[DATA SECTION — start]

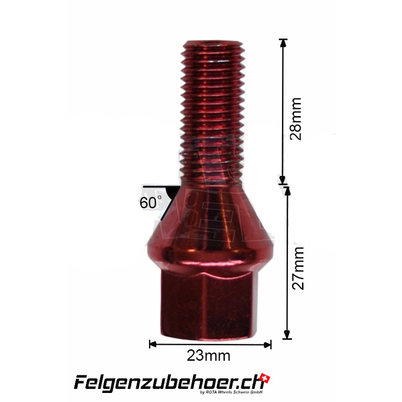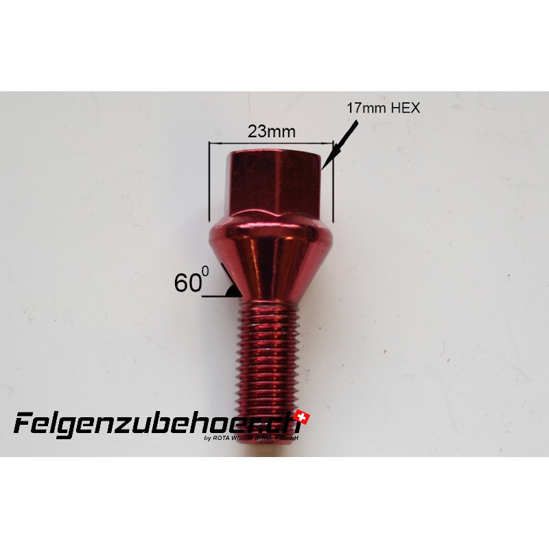 Radschrauben Stahl rot Kegelbund 26/28mm
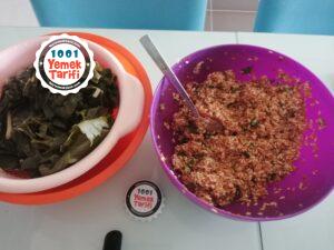- Yaprakların damarlı kısımları bize bakacak şekilde tezgaha serip içini koyup saralım.
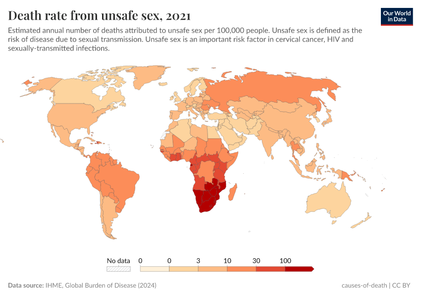 IHME, Global Burden of Disease (2024) – with minor processing by Our World in Data. “Death rate from unsafe sex” [dataset]. IHME, Global Burden of Disease, “Global Burden of Disease - Risk Factors” [original data]. Retrieved May 8, 2025 from https://enhance-improve-who-empower.owid.pages.dev/grapher/death-rates-from-unsafe-sex-gbd
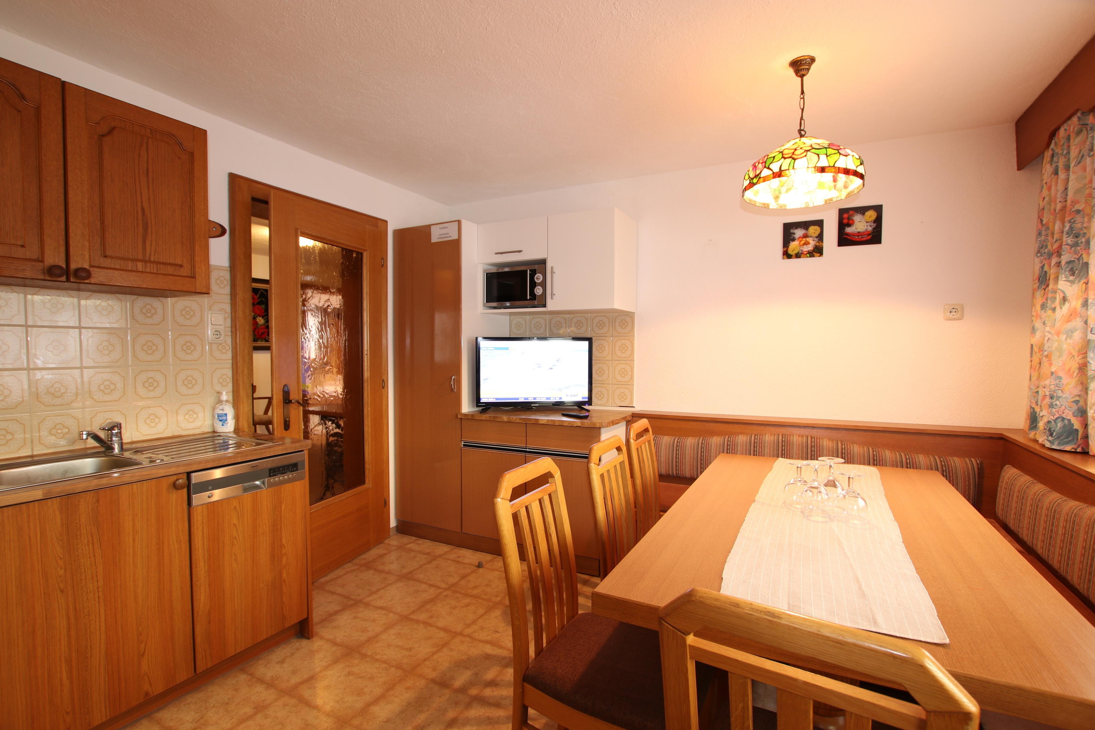 7-Zimmer-Ferienwohnung im Erdgeschoß und Dachgschoß (Schrägen) mit 160 m² Wohnfläche im Zentrum von Kappl im Paznauntal, nur 10 Minuten bis Ischgl (Gratis-Skibusverbindung). Verbindung der beiden Ferienwohnungen über ein internes Treppenhaus.

[DATA SECTION — finish]

WHAT YOU HAVE TO DO. Your response must consist of the lines from the beginning of the data through the line containing "- Yaprakların damarlı", transcribed exactly, with no pictures.

SOLUTION FOR THIS TASK.
 Radschrauben Stahl rot Kegelbund 26/28mm
- Yaprakların damarlı kısımları bize bakacak şekilde tezgaha serip içini koyup saralım.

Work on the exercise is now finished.